• TASK INSTRUCTIONS
Only lines with the string "great" should be returned from the data below.

• SUPPLIED MATERIAL
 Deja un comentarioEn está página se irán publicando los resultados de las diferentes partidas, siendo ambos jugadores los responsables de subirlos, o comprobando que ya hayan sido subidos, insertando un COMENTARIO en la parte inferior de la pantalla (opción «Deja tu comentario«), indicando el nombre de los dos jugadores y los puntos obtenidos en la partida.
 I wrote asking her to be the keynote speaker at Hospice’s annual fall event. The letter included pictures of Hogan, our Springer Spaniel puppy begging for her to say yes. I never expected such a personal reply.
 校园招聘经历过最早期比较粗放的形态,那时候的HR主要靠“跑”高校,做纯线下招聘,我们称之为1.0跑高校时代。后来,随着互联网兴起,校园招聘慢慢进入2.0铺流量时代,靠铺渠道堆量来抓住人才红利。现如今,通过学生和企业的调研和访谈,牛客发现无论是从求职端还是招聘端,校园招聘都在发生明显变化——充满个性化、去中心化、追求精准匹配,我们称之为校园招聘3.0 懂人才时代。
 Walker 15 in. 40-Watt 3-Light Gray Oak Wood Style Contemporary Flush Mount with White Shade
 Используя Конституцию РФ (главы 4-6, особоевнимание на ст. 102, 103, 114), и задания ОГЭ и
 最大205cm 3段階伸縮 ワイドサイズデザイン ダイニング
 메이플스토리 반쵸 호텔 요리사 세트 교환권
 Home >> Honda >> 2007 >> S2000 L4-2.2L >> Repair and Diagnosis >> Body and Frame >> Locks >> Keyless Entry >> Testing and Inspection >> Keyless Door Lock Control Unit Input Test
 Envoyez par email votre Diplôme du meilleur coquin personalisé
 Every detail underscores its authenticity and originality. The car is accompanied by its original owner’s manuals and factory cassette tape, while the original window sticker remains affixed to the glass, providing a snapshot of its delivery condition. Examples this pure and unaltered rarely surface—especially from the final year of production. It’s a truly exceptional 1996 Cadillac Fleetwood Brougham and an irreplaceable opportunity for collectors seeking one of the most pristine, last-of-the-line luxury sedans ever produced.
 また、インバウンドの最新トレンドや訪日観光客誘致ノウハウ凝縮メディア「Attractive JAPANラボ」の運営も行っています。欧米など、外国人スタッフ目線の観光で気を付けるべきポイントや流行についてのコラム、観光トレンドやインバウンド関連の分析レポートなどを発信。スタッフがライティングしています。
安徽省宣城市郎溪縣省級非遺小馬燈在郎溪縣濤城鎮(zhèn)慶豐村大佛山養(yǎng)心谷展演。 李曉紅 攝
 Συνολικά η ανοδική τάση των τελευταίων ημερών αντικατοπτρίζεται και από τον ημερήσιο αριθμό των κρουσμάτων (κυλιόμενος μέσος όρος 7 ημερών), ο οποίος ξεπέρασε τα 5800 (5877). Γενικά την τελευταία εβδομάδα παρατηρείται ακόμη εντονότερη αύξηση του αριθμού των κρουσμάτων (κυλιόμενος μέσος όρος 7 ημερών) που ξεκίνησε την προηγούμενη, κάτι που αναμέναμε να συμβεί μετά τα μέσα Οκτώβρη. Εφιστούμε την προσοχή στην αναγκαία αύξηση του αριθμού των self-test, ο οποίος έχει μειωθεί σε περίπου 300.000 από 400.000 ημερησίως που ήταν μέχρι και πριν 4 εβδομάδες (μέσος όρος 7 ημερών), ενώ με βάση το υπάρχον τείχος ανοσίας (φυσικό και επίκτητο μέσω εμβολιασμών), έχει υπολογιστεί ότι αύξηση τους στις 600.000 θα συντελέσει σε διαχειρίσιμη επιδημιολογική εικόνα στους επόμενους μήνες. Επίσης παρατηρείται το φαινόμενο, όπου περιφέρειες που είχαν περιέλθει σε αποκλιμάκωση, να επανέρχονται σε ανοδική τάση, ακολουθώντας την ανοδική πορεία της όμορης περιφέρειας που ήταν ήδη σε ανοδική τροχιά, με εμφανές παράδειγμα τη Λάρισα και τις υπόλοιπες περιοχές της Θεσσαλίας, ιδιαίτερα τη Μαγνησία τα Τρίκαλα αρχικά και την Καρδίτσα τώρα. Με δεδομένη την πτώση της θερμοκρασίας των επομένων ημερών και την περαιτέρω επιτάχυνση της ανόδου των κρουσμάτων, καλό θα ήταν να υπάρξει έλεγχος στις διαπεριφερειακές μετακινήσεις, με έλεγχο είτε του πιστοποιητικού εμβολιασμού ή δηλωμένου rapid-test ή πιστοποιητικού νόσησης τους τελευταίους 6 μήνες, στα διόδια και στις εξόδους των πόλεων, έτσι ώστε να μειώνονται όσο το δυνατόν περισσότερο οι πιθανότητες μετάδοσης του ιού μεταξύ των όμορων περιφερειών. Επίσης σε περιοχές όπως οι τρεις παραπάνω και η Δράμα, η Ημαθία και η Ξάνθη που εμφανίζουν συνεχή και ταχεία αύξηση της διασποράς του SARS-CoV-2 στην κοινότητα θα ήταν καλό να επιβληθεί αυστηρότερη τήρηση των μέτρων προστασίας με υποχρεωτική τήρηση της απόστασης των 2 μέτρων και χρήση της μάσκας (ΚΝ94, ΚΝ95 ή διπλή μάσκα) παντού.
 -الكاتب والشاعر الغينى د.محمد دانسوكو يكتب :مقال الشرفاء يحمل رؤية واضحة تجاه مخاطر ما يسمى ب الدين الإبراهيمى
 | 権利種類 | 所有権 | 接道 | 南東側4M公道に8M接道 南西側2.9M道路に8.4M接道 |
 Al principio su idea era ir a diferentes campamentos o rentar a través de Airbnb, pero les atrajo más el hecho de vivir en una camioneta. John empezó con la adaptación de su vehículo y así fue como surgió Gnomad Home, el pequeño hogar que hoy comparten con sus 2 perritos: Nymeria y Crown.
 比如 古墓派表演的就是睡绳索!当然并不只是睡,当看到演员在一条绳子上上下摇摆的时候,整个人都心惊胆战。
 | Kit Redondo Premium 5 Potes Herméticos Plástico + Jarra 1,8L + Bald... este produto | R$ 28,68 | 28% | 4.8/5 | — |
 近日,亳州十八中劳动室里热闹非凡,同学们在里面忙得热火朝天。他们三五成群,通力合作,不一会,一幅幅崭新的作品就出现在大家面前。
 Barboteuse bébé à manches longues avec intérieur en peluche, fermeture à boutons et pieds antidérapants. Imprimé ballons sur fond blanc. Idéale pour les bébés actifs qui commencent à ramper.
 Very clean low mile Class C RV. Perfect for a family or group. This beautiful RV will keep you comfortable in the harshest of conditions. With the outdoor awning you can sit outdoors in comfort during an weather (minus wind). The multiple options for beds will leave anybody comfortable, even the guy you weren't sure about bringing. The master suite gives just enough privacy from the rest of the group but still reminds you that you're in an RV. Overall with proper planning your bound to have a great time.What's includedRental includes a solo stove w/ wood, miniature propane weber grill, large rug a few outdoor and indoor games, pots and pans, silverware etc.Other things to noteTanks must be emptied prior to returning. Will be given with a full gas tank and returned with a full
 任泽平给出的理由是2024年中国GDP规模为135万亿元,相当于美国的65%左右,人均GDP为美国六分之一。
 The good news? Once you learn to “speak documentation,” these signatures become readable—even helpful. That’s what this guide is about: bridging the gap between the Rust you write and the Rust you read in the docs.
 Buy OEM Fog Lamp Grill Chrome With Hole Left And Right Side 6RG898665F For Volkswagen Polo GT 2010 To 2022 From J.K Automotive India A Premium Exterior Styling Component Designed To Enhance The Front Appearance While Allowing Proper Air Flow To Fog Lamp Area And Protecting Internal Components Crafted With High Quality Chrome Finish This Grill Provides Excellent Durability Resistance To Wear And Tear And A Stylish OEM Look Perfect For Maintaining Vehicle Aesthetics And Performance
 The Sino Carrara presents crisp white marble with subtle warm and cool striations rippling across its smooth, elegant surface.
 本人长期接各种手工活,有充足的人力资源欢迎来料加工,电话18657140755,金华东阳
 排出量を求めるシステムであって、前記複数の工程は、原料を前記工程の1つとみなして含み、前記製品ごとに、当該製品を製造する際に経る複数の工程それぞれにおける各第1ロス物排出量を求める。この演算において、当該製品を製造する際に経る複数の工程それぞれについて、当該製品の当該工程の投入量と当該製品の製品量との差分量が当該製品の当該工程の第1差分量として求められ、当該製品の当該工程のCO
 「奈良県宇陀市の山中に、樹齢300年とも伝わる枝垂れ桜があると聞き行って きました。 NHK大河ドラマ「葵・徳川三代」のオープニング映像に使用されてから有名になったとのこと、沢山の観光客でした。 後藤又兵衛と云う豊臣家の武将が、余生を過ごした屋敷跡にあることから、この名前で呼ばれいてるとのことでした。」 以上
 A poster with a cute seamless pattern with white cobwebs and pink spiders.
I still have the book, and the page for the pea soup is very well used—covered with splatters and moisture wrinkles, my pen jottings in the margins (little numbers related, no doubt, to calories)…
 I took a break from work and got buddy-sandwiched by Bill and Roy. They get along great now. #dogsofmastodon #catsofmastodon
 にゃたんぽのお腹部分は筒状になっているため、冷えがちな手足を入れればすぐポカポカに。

• REPLY TO THE TASK
 Very clean low mile Class C RV. Perfect for a family or group. This beautiful RV will keep you comfortable in the harshest of conditions. With the outdoor awning you can sit outdoors in comfort during an weather (minus wind). The multiple options for beds will leave anybody comfortable, even the guy you weren't sure about bringing. The master suite gives just enough privacy from the rest of the group but still reminds you that you're in an RV. Overall with proper planning your bound to have a great time.What's includedRental includes a solo stove w/ wood, miniature propane weber grill, large rug a few outdoor and indoor games, pots and pans, silverware etc.Other things to noteTanks must be emptied prior to returning. Will be given with a full gas tank and returned with a full
 I took a break from work and got buddy-sandwiched by Bill and Roy. They get along great now. #dogsofmastodon #catsofmastodon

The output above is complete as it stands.